2.3. Statistical analyses
2.3.1. Descriptive data
We present descriptive data for all baseline and outcome variables assessed in this study in both treatment groups with continuous variables presented as medians with interquartile ranges (IQRs) and full ranges, and binary and categorical variables presented as numbers with percentages.
2.3.2. Heterogeneity in treatment effects
We assessed HTE using frequentist analyses without adjustment according to the following four baseline characteristics:
Age (years)
Weight (kg)
- Category of respiratory failure on a 1–6‐point scale defined as follows:
- Open system, low oxygen flow (oxygen flow rate ≤ median oxygen flow rate in all patients on open systems).
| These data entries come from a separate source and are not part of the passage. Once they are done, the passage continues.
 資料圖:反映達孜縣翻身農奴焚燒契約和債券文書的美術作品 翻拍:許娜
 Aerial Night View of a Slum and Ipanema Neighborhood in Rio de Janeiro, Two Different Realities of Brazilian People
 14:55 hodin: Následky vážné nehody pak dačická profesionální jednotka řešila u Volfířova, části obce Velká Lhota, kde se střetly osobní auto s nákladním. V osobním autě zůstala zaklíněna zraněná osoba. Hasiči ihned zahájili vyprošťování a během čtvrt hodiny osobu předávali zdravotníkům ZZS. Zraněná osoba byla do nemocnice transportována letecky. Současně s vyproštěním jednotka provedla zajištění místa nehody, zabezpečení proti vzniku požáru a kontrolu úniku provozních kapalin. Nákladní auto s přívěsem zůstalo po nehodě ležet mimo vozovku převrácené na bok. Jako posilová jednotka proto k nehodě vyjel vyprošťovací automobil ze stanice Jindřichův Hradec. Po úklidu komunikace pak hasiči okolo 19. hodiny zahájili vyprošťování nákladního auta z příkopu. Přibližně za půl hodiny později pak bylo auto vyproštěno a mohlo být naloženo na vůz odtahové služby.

- Open system, high oxygen flow (oxygen flow rate > median oxygen flow rate).
- NIV/CPAP, low fraction of inspired oxygen (FiO2; FiO2 ≤ median FiO2 in all patients on closed systems).
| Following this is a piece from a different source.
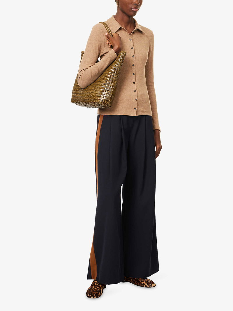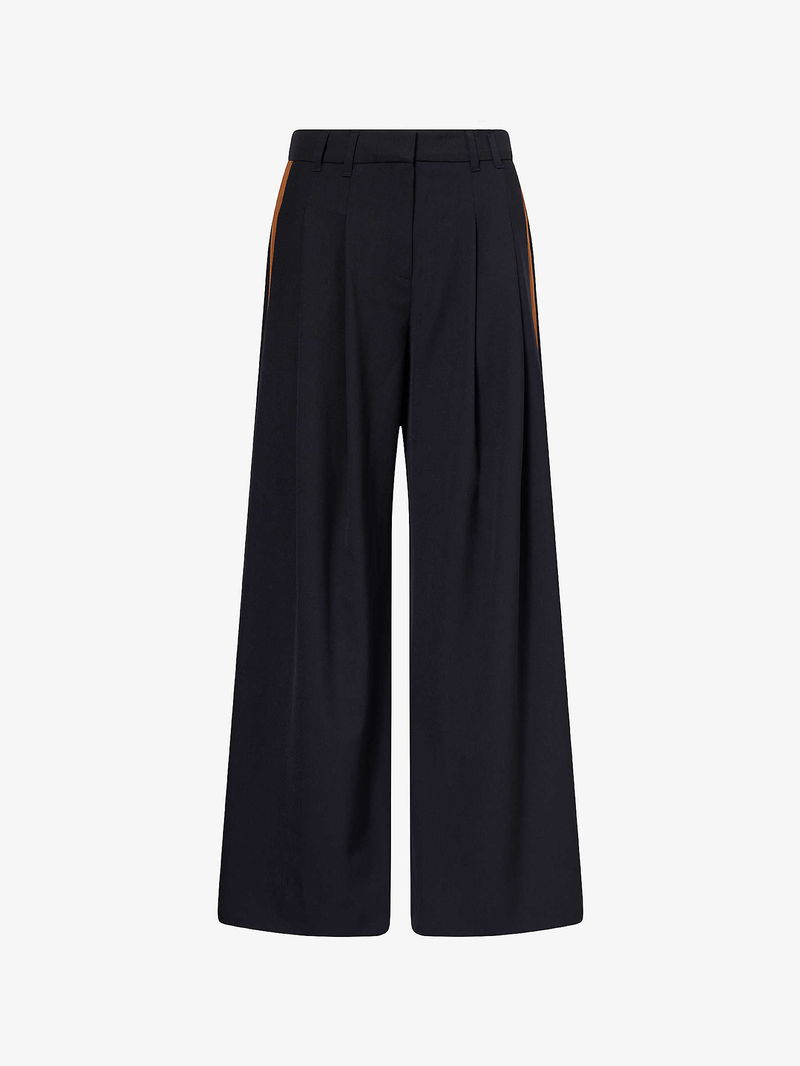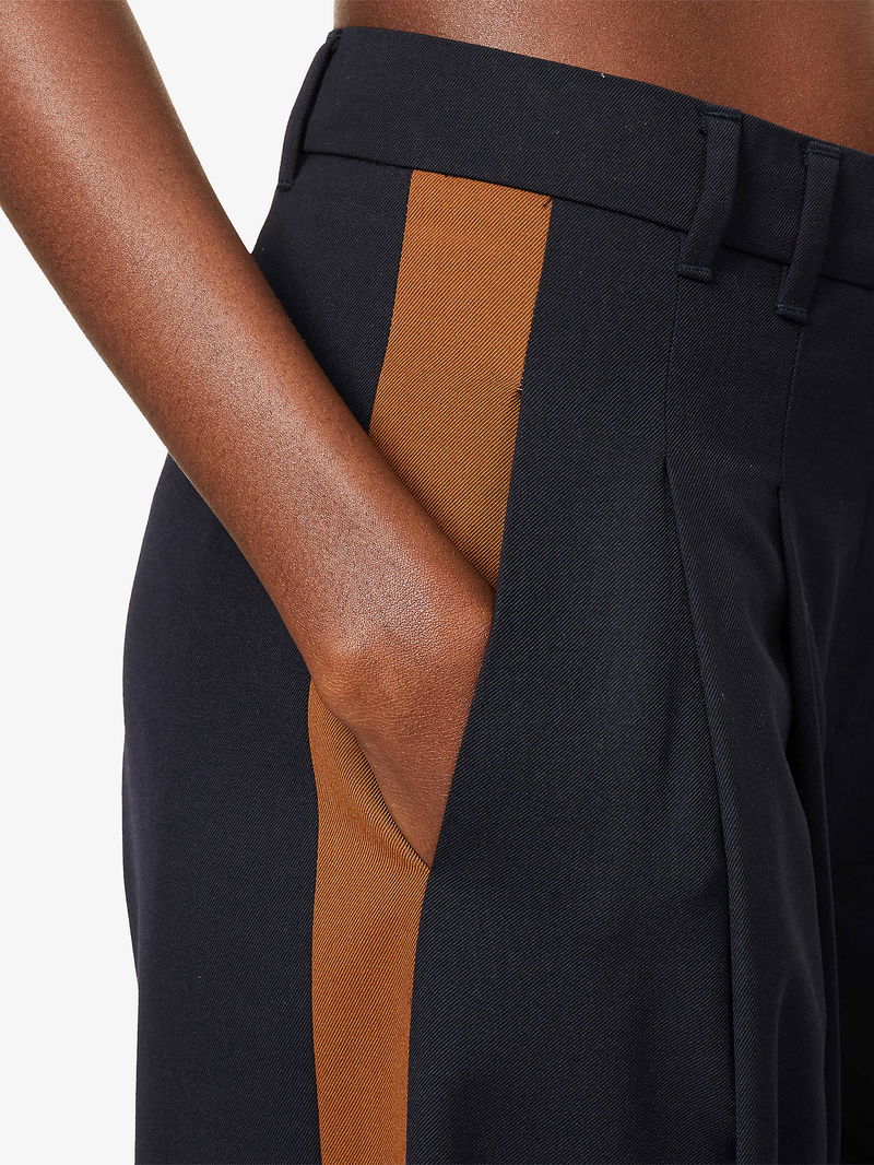Side-Stripe Wide-Leg Wool-Blend Trousers

- NIV/CPAP, high FiO2 (FiO2 > median FiO2).
- Invasive mechanical ventilation, low FiO2 (defined as above).
- Invasive mechanical ventilation, high FiO2 (defined as above).
Number of comorbidities (diabetes mellitus, ischemic heart disease or heart failure, chronic obstructive pulmonary disease or immunosuppression within 3 months prior to randomisation) on a 1–4‐point scale with patients with three or four comorbidities analysed in the same category as only one patient had all four comorbidities.
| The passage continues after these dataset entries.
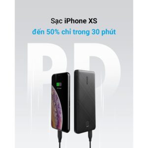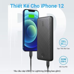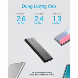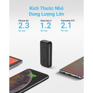 Dung lượng lớn 20.000mAh cung cấp 5 lần sạc cho iPhone 12, hơn 4 lần sạc đầy cho Samsung Galaxy S10 và hơn 2 lần sạc rưỡi cho iPad mini 5.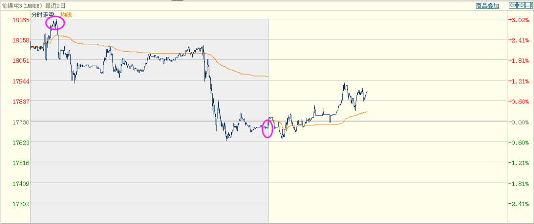 晚間整個大宗商品掉頭大跌,螺紋和鐵礦石高開低走,鐵礦石期貨盤中一度回吐了前一交易日50%左右的漲幅,有色倫銅收盤小幅下跌0.16%,而日內最大上漲高達3.2%。倫鎳收盤下跌340美元至17730美元/噸,雖然跌幅不算大,但相比日內最高點18265點來看,高位下挫了535美元。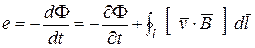 и (или) возникающей в неподвижной рамке, сцепляющейся с изменяющимся во времени потоком Ф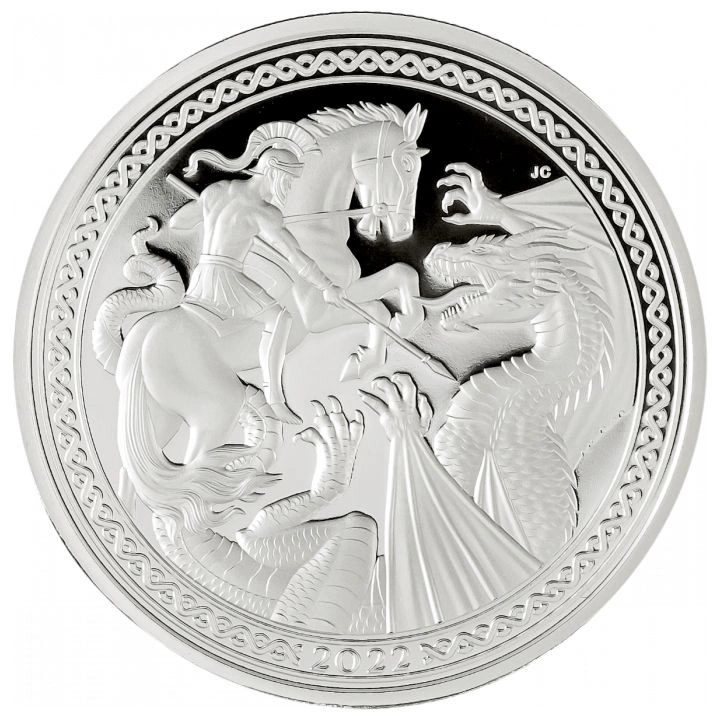 Los reversos muestran una imagen de San Jorge luchando contra un dragón y el borde celta de la moneda. El diseñador también fue Jody Clark. .

In addition, we assessed HTE according to the baseline predicted risk of 90‐day mortality using an internal prediction model developed in the control group (6 mg) as described below.
2.3.3. Analytical strategy
We assessed HTE on the continuous scale for age, weight and predicted mortality risk using generalised additive models (linear/logistic regressions, respectively, for the two outcomes) with cubic regression splines, fixed degrees of freedom and five knots at the 5, 27.5, 50, 77.5 and 95 percentiles. 15 , 18 Primary models included treatment and a smooth‐by‐treatment allocation separately for each characteristic assessed with likelihood ratio tests used to assess the treatment‐by‐baseline variable‐interaction by comparing the full models to models only including treatment and a smooth transformation of the variable of interest not stratified by treatment allocation.
HTE according to the category of respiratory failure and the number of comorbidities was assessed by conventional linear/logistic regression models, including treatment, the baseline variable of interest (as a categorical variable) and an interaction term; likelihood ratio tests were used to assess interactions similarly as for the generalised additive models. Of note, this was not specified in the statistical analysis plan, 15 but necessary as generalised additive models could not be used due to a few distinct values for these two baseline variables.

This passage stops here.